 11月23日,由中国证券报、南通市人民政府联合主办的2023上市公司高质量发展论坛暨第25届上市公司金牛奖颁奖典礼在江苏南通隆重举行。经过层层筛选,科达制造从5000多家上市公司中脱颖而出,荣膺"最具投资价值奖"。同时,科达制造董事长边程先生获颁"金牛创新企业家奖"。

---

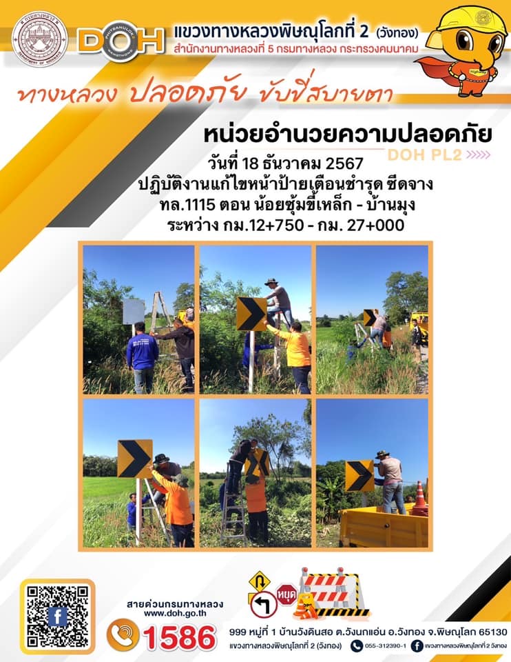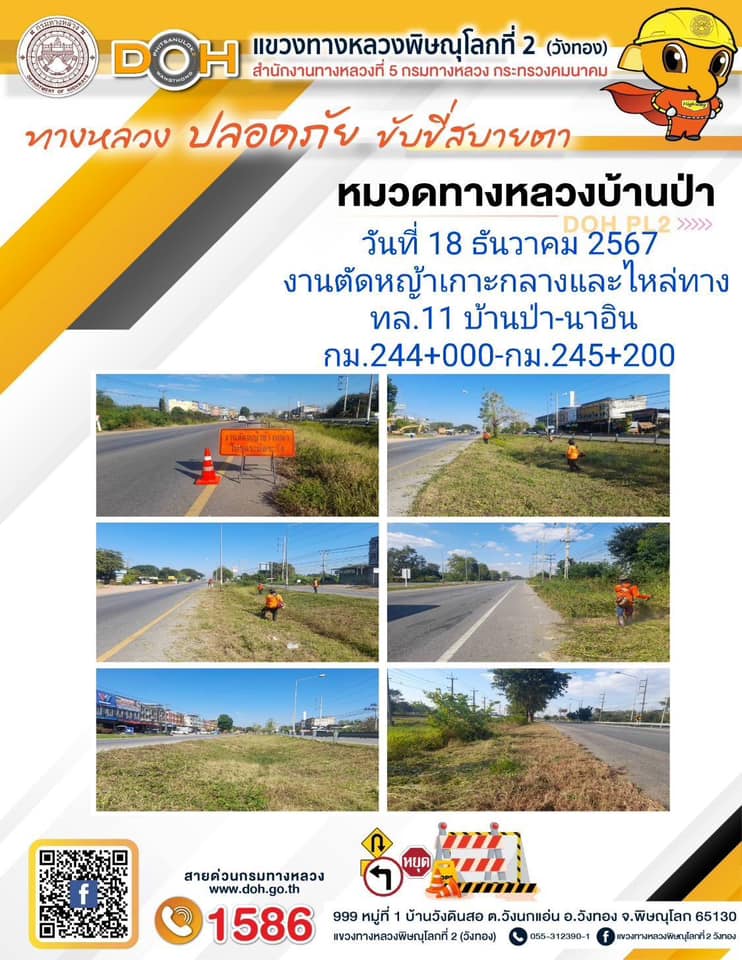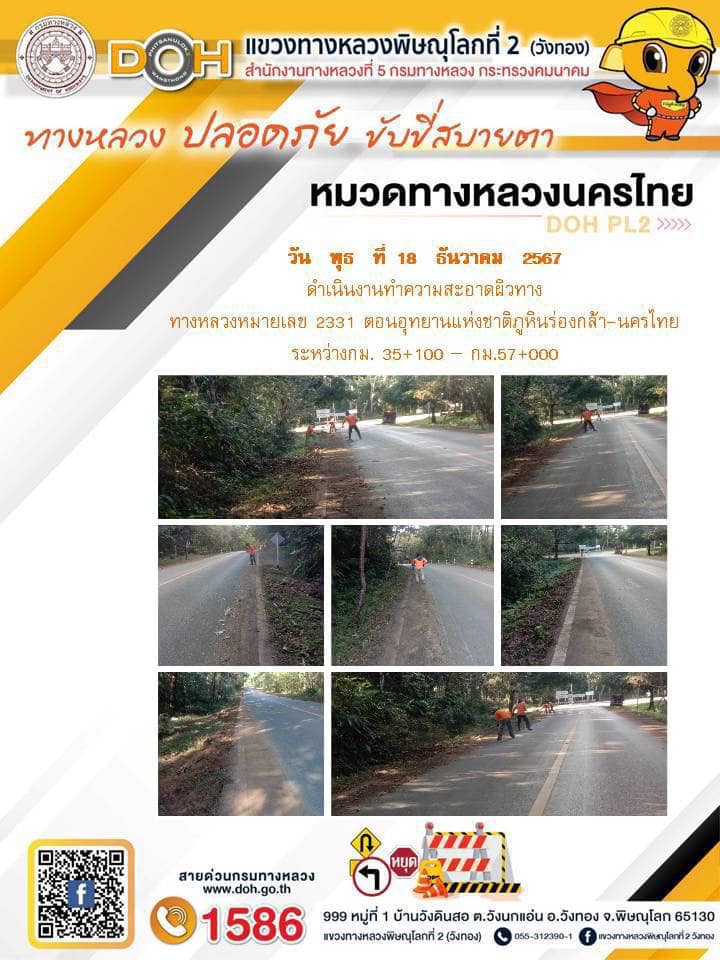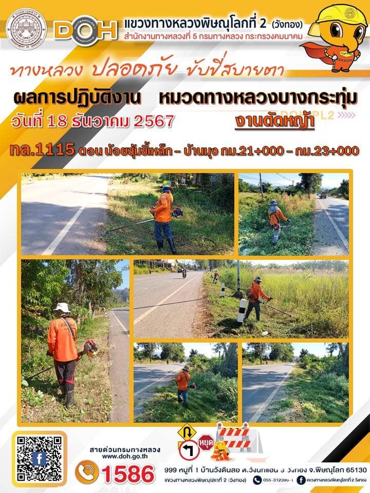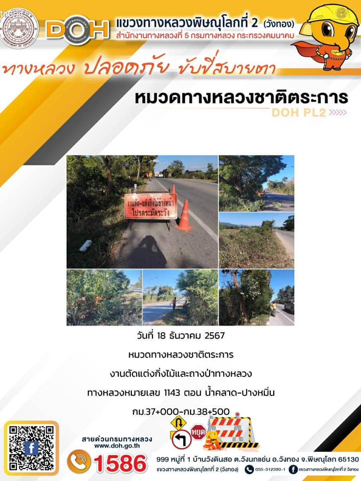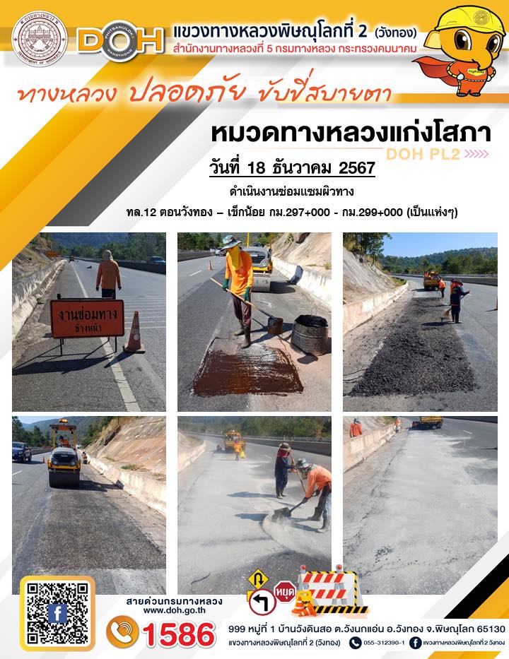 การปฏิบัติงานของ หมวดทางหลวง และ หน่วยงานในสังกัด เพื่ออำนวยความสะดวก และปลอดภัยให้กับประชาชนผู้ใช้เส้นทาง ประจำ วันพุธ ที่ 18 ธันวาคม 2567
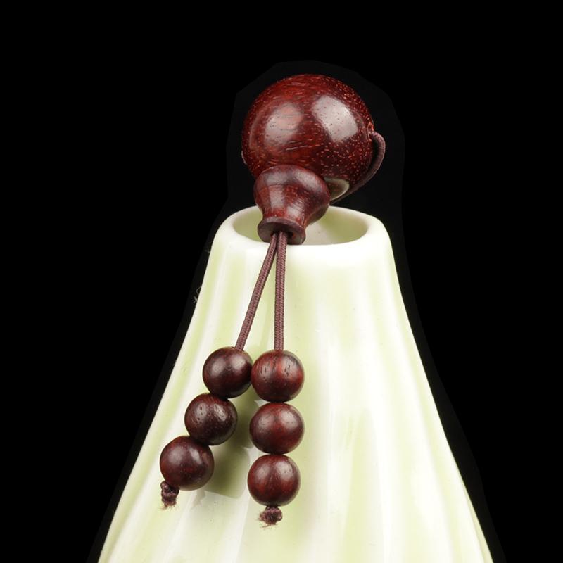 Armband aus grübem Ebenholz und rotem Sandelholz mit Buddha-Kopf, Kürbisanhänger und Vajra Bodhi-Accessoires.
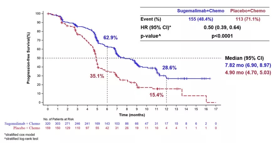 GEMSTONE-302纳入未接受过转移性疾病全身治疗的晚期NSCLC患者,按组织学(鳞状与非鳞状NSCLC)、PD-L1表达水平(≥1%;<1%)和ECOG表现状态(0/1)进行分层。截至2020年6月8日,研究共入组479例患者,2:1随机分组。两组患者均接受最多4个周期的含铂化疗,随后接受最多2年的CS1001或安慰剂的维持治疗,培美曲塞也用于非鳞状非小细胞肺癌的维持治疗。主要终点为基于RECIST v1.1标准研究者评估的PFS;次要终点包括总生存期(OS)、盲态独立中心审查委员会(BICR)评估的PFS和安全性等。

_Required work:_
Your output should be the lines above from the one that contains "การปฏิบัติงานของ หมวดทางหลวง และ" through the one that contains "Armband aus grübem", word for word, with pictures left out.

_Task response:_
 การปฏิบัติงานของ หมวดทางหลวง และ หน่วยงานในสังกัด เพื่ออำนวยความสะดวก และปลอดภัยให้กับประชาชนผู้ใช้เส้นทาง ประจำ วันพุธ ที่ 18 ธันวาคม 2567
 Armband aus grübem Ebenholz und rotem Sandelholz mit Buddha-Kopf, Kürbisanhänger und Vajra Bodhi-Accessoires.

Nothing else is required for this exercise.